A key component of this approach proved to be the use of the criterion what could change to drive the splitting off of the chunks of stuff. As such, it is an extension to/refinement of existing design techniques rather than being a replacement for them.

So, how does middle distance thinking extend current techniques?

Extension to DB design: A focus on "objects in the world," rather than just cardinality, results in a more fine grained partition of the problem space. All things which are one-to-many or many-to-one are necessarily distinct and have different potential rates of change, but sometimes things which are one-to-one are also distinct, and should be separated to accommodate future change.
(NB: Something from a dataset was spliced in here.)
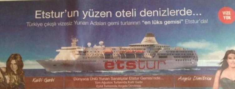 Η ETS, με διαφημίσεις σε ολοσέλιδες καταχωρήσεις σε τουρκικές εφημερίδες διαφημίζει τα κρουαζιερόπλοια της όπου κατά τη διάρκεια του ταξιδιού τραγουδούν η Άντζελά Δημητρίου και η Καίτη Γαρμπή!

Refinement of OO design: middle distance ontologies are problem space oriented rather than software oriented. As such, it is less concerned with factoring out the appropriate superclasses than OO designs. This is because software design criteria that push such refactorings are "within the system" rather than "in the world." There is nothing in the middle distance approach that pushes common functionality up to a common implementation.

One other aspect of the middle distance approach is that it allows you to pull attributes out of the design and hide them behind the opaque identifiers. This modularization allows you to change the definition of such things as validity as your knowledge of what constitutes validity in your problem domain changes.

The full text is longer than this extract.